Classic Unix pipes need not use sockets at all. In SVR4 these ones are
implemented on top of the streams io framework. In older AT&T Unix
version it was just some particular code in the kernel.
So called stream pipes are socked-based in BSD Unix systems, and simply
pipes-based in SVR4.
It's been a while since I did any programming requiring pipes. In those days the
pipe system call returned a pair of file descriptors, one for read and one for
write. It was the responsibility of the programmer to ensure that the correct
end of each was closed in the parent/child to allow correct communications.
As in all fields, progress has been made (but not necessarily in the
documentation).
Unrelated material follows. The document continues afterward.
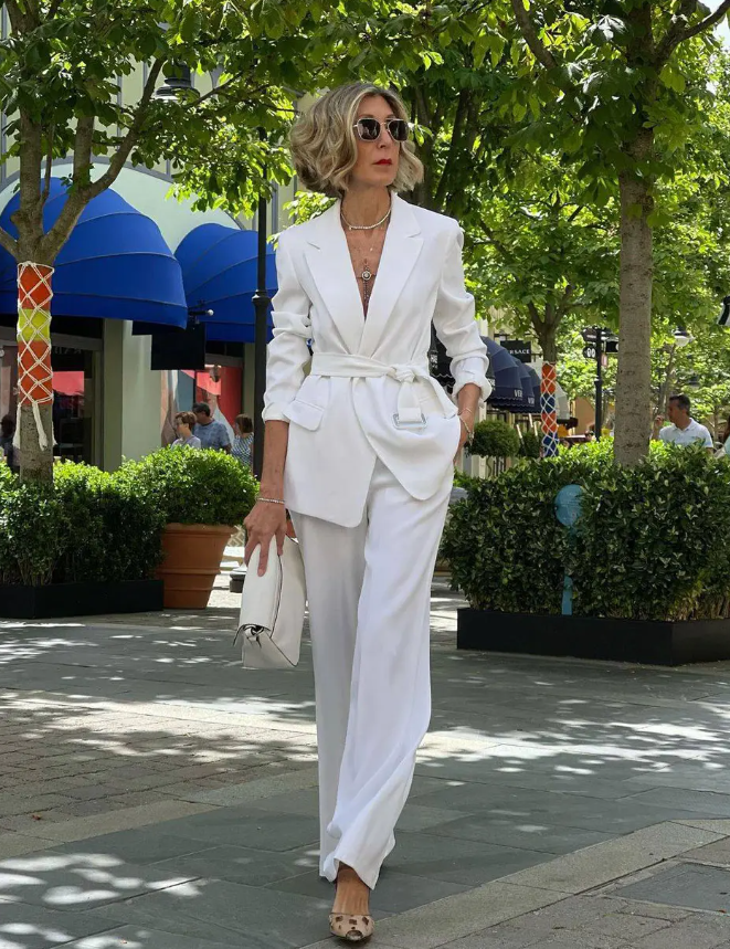 - Белоснежные ансамбли: Белый цвет не только визуально освежает, но и омолаживает. Брючный костюм белого цвета станет идеальным выбором для повседневных или деловых встреч. Свободные брюки и расклешенный пиджак подчеркнут фигуру и создадут изысканный образ.

According to the man pages for Linux/IRIX/Solaris the pipe
system call still returns a classic, uni-directional pipe. To further confuse
matters IRIX implements 2 versions of pipe, one with the conventional SVR3.2
uni-directional semantics and another with the bi-directional SVR4 semantics,
controlled either by a kernel tunable parameter, or the library linked at
runtime.
Which type of pipe is really returned remains a mystery...
Regarding SVR4,
pipes.
here the normal pipe is already bi-directional (due to the
implementation on top of the streams io framework). When you ask for a
pipe, you always get a bi-directional one in SVR4. While on BSD systems
you have to ask for a socket pair to get a bi-directional one (or use
two normal pipes).
Sorry, what I meant to say was that Pipe is uni-directional. According to the
API Javadocs it implements a uni-directional pipe.